Nasza Loteria SR - pasek na kartach artykułów

Codziennie nauczyciele w Słupsku dowiadują się, że stracą pracę

Zbigniew Marecki
www.sxc.hu
Dla nauczycieli w Słupsku pracy nie ma. Tymczasem Powiatowy Urząd Pracy nie jest przygotowany na rejestrację i pomoc wykształconym pedagogom. Nie ma dla nich ofert pracy.

Do szkół idzie coraz mniej dzieci i młodzieży. Wszystko przez niż demograficzny. Najbardziej zacięta walka o uczniów trwa w placówkach ponadgimnazjalnych. I tam prawdopodobniej pracę straci najwięcej nauczycieli.

- U nas dyrektor postanowił zwolnić tych z najkrótszym stażem. Już poinformował o tym kilka osób.

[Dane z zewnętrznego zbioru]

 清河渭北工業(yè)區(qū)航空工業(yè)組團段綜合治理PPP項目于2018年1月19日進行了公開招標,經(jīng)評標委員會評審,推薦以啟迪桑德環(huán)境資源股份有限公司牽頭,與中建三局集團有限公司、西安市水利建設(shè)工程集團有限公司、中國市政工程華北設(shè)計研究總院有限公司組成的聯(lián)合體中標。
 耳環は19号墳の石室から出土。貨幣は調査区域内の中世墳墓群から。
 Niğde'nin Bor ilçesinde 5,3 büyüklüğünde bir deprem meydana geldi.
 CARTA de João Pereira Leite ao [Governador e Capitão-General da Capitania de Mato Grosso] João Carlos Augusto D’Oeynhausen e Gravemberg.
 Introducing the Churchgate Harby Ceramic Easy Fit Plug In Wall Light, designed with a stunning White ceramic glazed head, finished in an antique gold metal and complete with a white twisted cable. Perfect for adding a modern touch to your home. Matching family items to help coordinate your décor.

Ci, którzy unikną zwolnień, będą na gołych etatach lub nawet tylko na części etatu - zdradziła nam nauczycielka z jednej ze słupskich szkół ponadgimnazjalnych.

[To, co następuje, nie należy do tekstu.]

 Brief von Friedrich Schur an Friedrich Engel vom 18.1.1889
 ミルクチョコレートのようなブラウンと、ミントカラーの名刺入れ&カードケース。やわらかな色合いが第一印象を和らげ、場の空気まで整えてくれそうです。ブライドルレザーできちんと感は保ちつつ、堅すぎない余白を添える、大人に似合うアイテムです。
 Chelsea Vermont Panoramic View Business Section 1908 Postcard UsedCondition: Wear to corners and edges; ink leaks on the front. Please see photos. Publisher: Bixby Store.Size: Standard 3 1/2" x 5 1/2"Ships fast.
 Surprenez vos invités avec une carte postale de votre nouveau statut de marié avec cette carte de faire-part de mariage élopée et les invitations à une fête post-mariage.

Ilu pedagogów od września zostanie bez pracy - tego dokładnie nie wie nikt. - Na razie mamy szczątkowe informacje o planowanych zwolnieniach. Z naszych informacji wynika jednak, że im wyższa szkoła, tym będzie więcej zwolnień wśród nauczycieli. Na razie wiemy, że bardzo dokuczliwe będą zwolnienia wśród pracowników administracji i obsługi placówek oświatowych - ocenia Gabriela Bereżecka, szefowa ZNP w Słupsku.

Z założeń nowej strategii oświatowej dla Słupska, która właśnie jest wdrażana, wynika, że administracja i obsługa szkół zostanie odchudzona o przeszło 50 osób.

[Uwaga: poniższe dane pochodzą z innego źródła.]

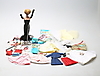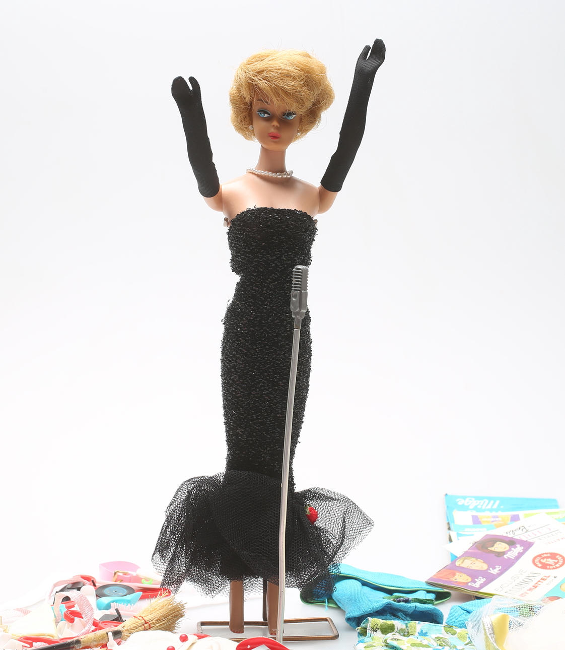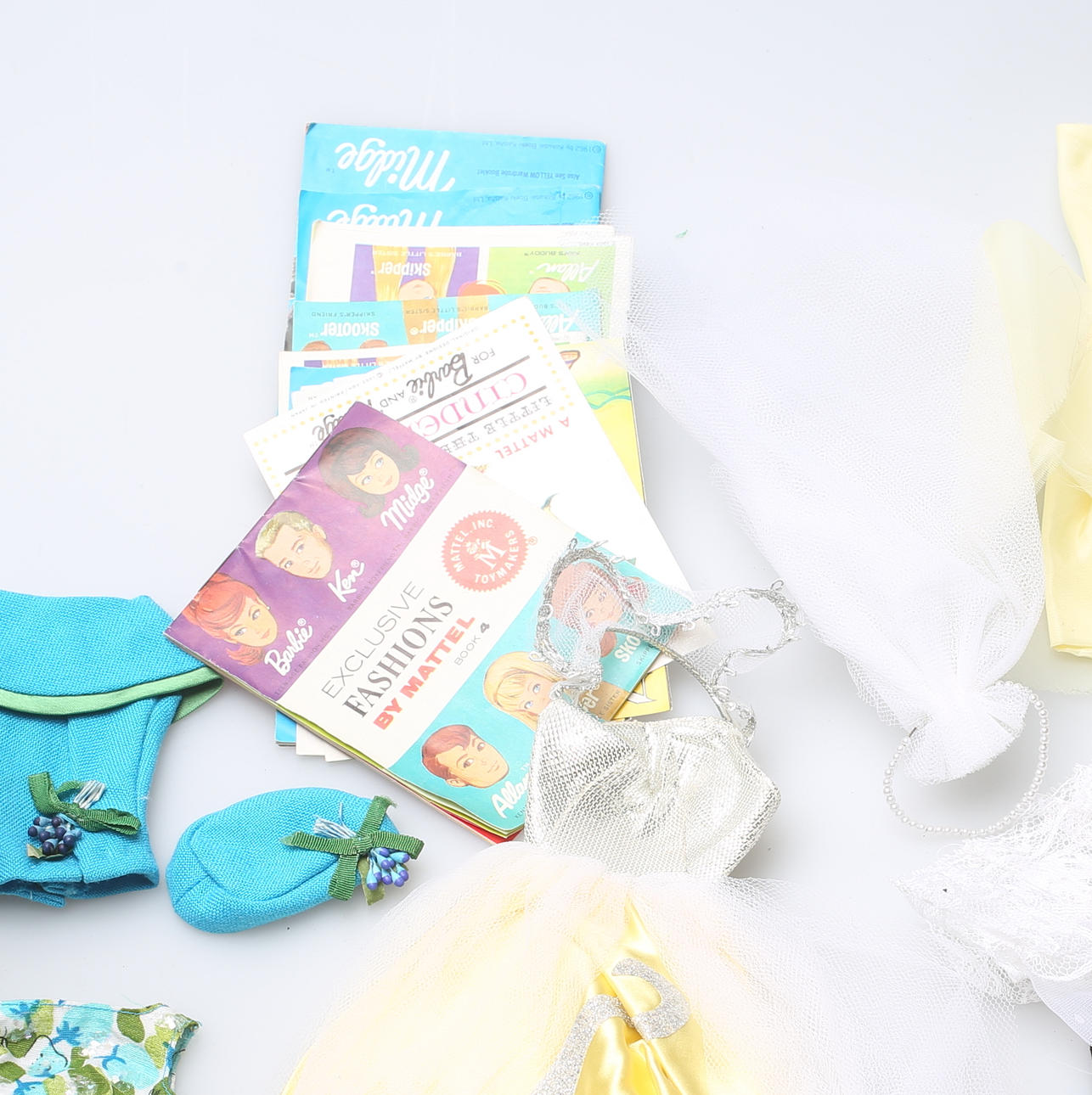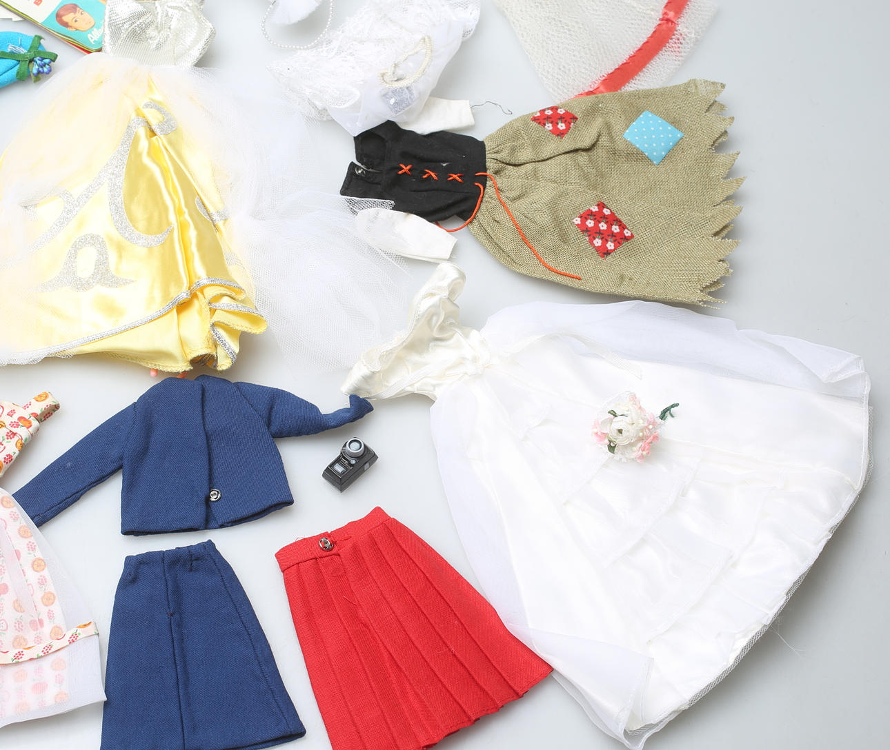 Sobre todo ropa de Barbie, Mattel. Algunas prendas marcadas "Hecho en la colonia de la corona británica de Hong Kong".
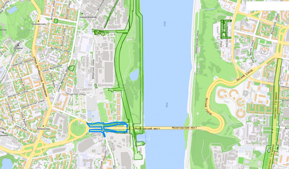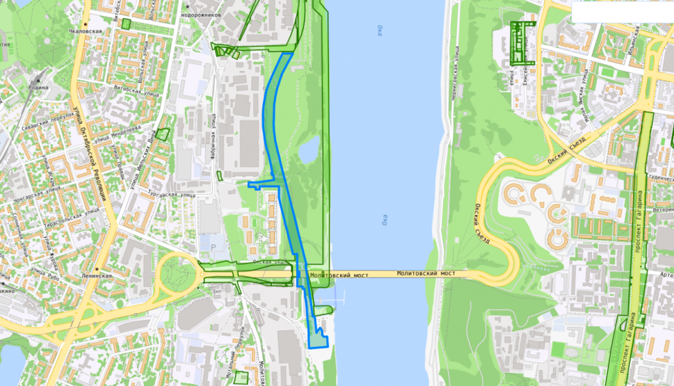Возле Молитовского моста должна появиться еще одна развязка — с площадью Комсомольской: судя по карте, для нее подготовлены четыре участка. Отмежеванные земли под дублер проспекта Ленина заканчиваются в районе Молитовского затона.
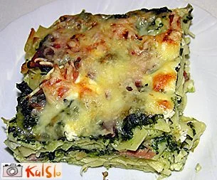 Naložimo plast testenin, jih prelijemo s tekočo zmesjo, špinačo, pršutom in koščki skute, nato zopet s testeninami, tekočo zmesjo, špinačo, pršutom in skuto. Na koncu naribamo še sir po želji.
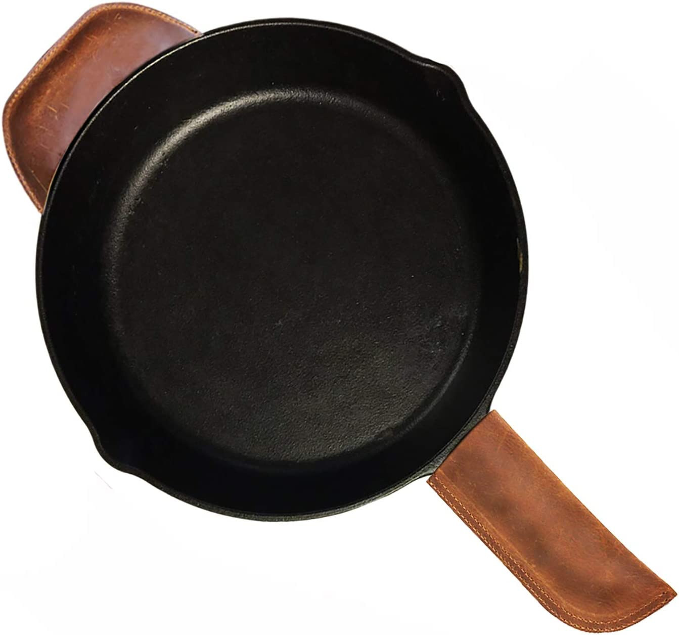 Genuine Leather Cast Iron Pot Handle Cover, Assist Pan Holder, Double Layered He
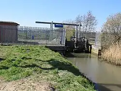 Near its mouth, the river flows through Went Lows, an area of washland bordering the river channel. There are a pair of pointing doors where the river enters the River Don, which are designed to close when high levels in the Don would result in water flowing back up the Went and causing flooding. When the doors close, water flows into the washlands, where the level continues to rise until it is sufficiently high for the doors to reopen. In extreme conditions, the doors have been known to remain shut for up to two weeks.[17] The outfall is managed by the Environment Agency, and was upgraded in 1990, when a new concrete structure was constructed. As well as two sets of pointing doors on the downstream side, it also has two vertical penstocks on the upstream side, which can be closed if debris prevents the pointing doors for closing.[18] Fenwick Fleet Drain normally discharges into the river through a flap value, but when water levels in Went Lows are high, the flap value closes to prevent reverse flow on the drain, and a storage area behind the value progressively floods.[14]

Najgorsze jest to, że na zwolnienia wśród nauczycieli nie jest przygotowany urząd pracy. - Nie mamy na ten temat żadnych informacji. Nie wiemy, jakie będą potrzeby zwalnianych. Niedawno była u mnie zastępca dyrektora wydziału oświaty w słupskim ratuszu, ale nawet nie wspomniała o problemie - mówił nam wczoraj Janusz Chałubiński, dyrektor PUP w Słupsku.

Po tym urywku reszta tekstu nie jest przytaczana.